__Problem statement__:
Using the records below, output the stretch that opens with the line containing "会上发言人表示,自2024年" and closes with the line containing "Элегантные серьги, украшенные", exactly and including both lines, with nothing more.

__Task data__:
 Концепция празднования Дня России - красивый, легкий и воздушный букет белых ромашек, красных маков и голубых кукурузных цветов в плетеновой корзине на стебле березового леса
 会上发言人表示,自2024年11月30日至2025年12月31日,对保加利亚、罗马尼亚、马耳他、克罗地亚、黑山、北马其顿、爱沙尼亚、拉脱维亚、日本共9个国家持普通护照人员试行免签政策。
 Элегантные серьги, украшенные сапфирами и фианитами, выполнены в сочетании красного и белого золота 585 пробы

==

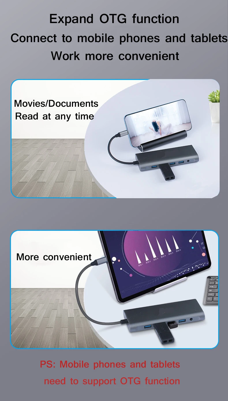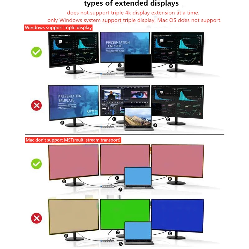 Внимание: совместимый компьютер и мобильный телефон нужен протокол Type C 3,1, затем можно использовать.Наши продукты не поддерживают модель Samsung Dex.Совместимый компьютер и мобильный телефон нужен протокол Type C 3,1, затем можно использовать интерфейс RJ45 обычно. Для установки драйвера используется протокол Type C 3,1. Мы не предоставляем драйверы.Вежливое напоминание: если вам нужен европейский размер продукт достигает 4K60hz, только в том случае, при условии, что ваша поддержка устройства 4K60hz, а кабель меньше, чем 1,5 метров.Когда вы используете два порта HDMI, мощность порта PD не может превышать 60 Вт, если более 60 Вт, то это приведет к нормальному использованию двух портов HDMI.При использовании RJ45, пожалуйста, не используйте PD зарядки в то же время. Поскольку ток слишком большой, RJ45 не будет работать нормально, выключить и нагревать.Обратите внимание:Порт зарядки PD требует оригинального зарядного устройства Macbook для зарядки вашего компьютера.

__Result for this task__:
 会上发言人表示,自2024年11月30日至2025年12月31日,对保加利亚、罗马尼亚、马耳他、克罗地亚、黑山、北马其顿、爱沙尼亚、拉脱维亚、日本共9个国家持普通护照人员试行免签政策。
 Элегантные серьги, украшенные сапфирами и фианитами, выполнены в сочетании красного и белого золота 585 пробы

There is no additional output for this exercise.